Work to be completed
Extract the text of every entry below exactly; leave images out.

(Dataset items)
-=-=-=-=-

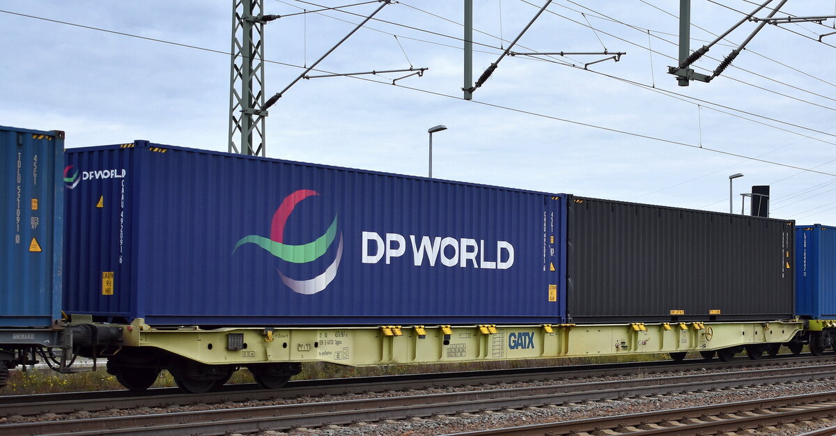 Gelenk-Taschenwagen vom Einsteller VTG Schweiz GmbH mit der Nr. 37 TEN GE 80 D-VTGCH 4956 531-0 Sdggmrss in einem Ganzzug (leer) am 24.02.26 Höhe Bahnhof Rodleben.
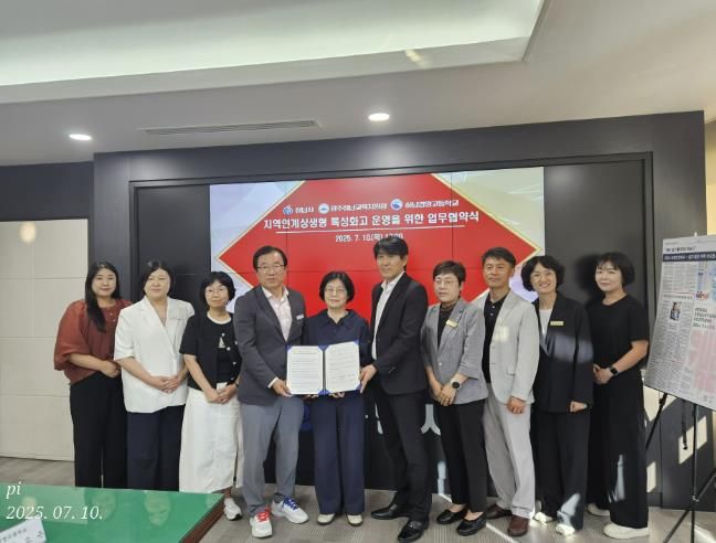 (아름다운교육신문) 경기도광주하남교육지원청, 하남시, 하남경영고등학교는 7월 10일 하남시장 집무실에서 ‘2025 지역 연계 상생형 특성화고 운영을 위한 3자 업무협약(MOU)’을 체결했다.
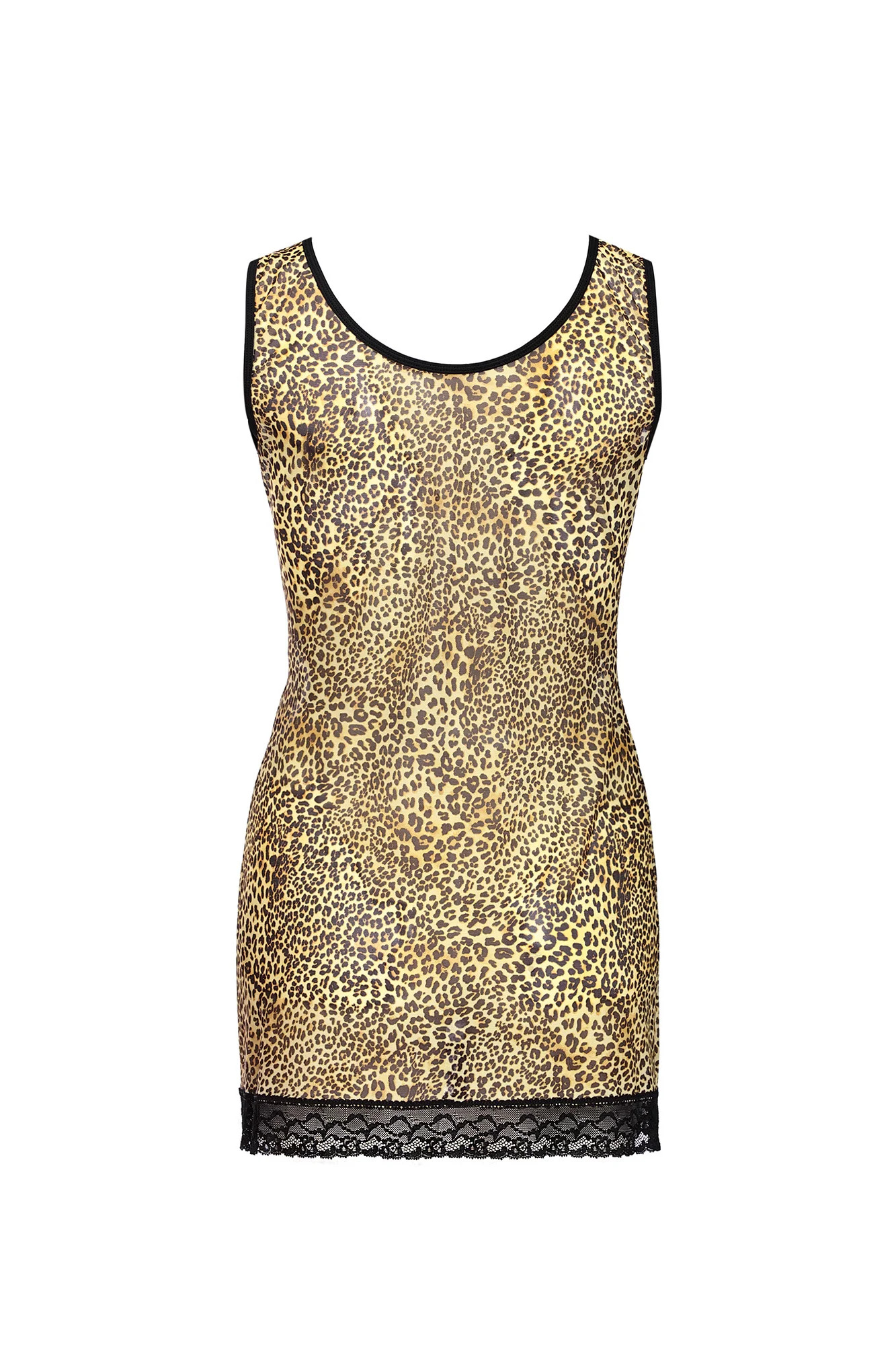 Sexy, postavu obepínající noční košilka na širších ramínkách z exkluzivního, elastického tanninu. V krásných, teplých barvách, s motivem kočičích skvrn. Spodní část je zdobená jemnou, černou krajkou. Elastická tkanina, jemně průsvitná, sexy. Pohodlný, ženský střih. 80 % polyamid, 20 % elastan.
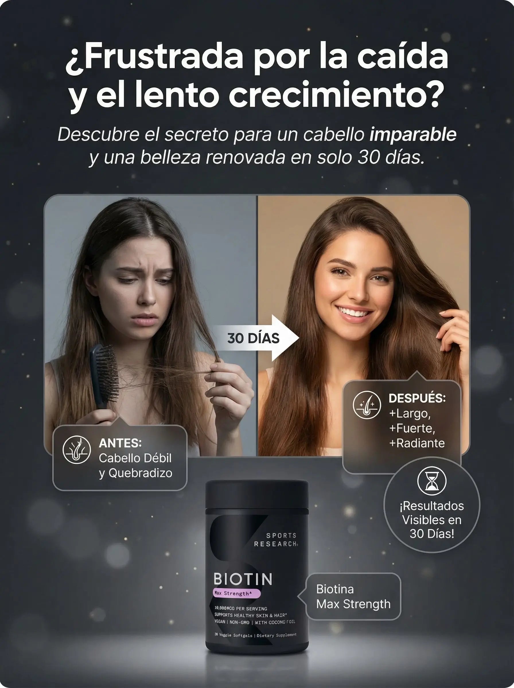 Generalmente los cambios se notan entre 3 a 8 semanas de uso constante, dependiendo de cada persona, sus hábitos y su nivel de deficiencia de biotina.
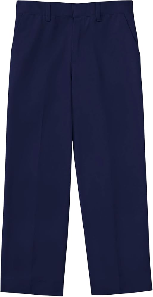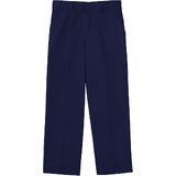 Boys flat-front pant with double knee, waist has center-back elastic and hook-and-eye closure, soil-release treated poly/cotton twill holds color and releases stains with little or no ironing
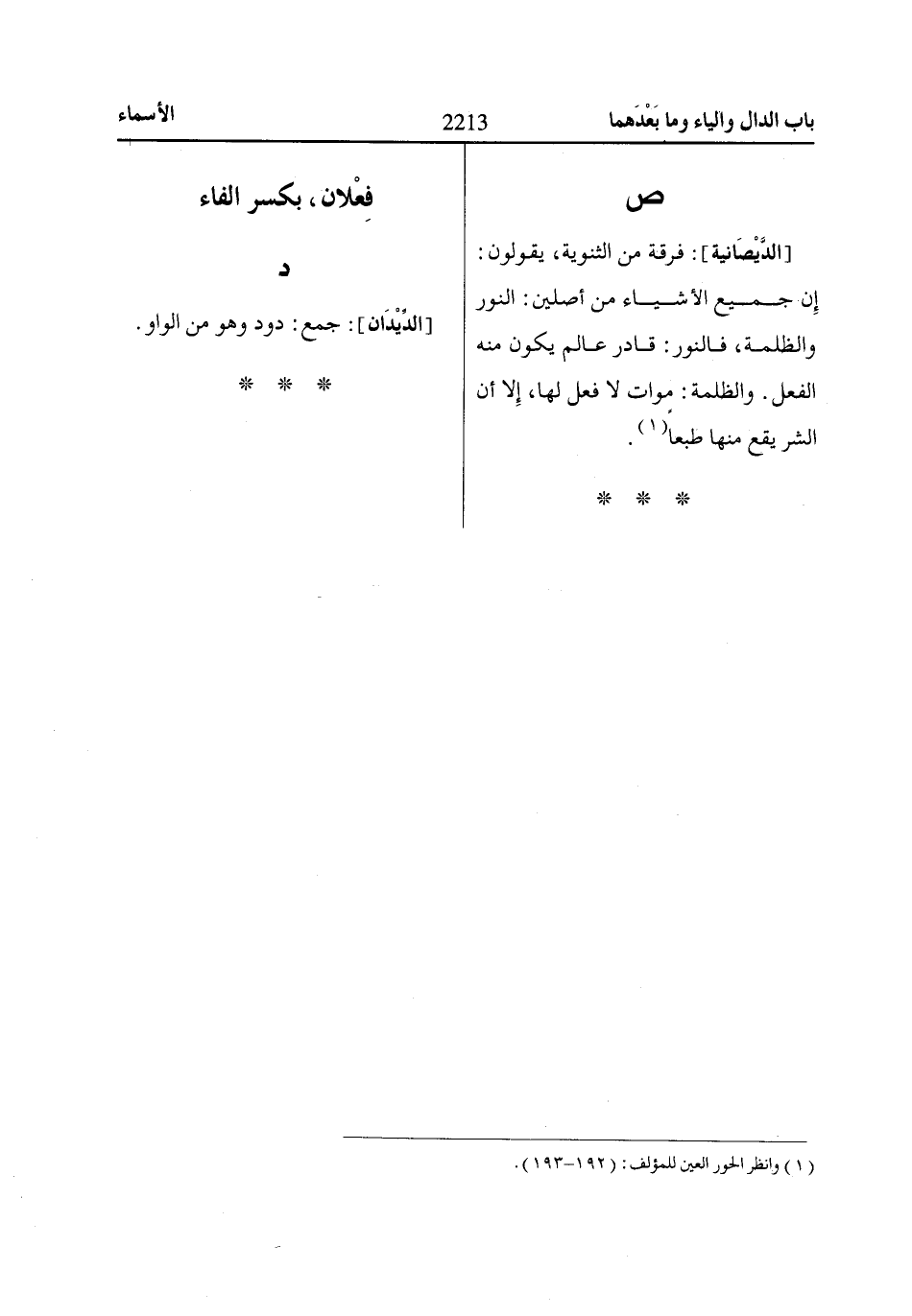 [الدَّيْصَانية]: فرقة من الثنوية، يقولون:

-=-=-=-=-

Answer space
 Gelenk-Taschenwagen vom Einsteller VTG Schweiz GmbH mit der Nr. 37 TEN GE 80 D-VTGCH 4956 531-0 Sdggmrss in einem Ganzzug (leer) am 24.02.26 Höhe Bahnhof Rodleben.
 (아름다운교육신문) 경기도광주하남교육지원청, 하남시, 하남경영고등학교는 7월 10일 하남시장 집무실에서 ‘2025 지역 연계 상생형 특성화고 운영을 위한 3자 업무협약(MOU)’을 체결했다.
 Sexy, postavu obepínající noční košilka na širších ramínkách z exkluzivního, elastického tanninu. V krásných, teplých barvách, s motivem kočičích skvrn. Spodní část je zdobená jemnou, černou krajkou. Elastická tkanina, jemně průsvitná, sexy. Pohodlný, ženský střih. 80 % polyamid, 20 % elastan.
 Generalmente los cambios se notan entre 3 a 8 semanas de uso constante, dependiendo de cada persona, sus hábitos y su nivel de deficiencia de biotina.
 Boys flat-front pant with double knee, waist has center-back elastic and hook-and-eye closure, soil-release treated poly/cotton twill holds color and releases stains with little or no ironing
 [الدَّيْصَانية]: فرقة من الثنوية، يقولون:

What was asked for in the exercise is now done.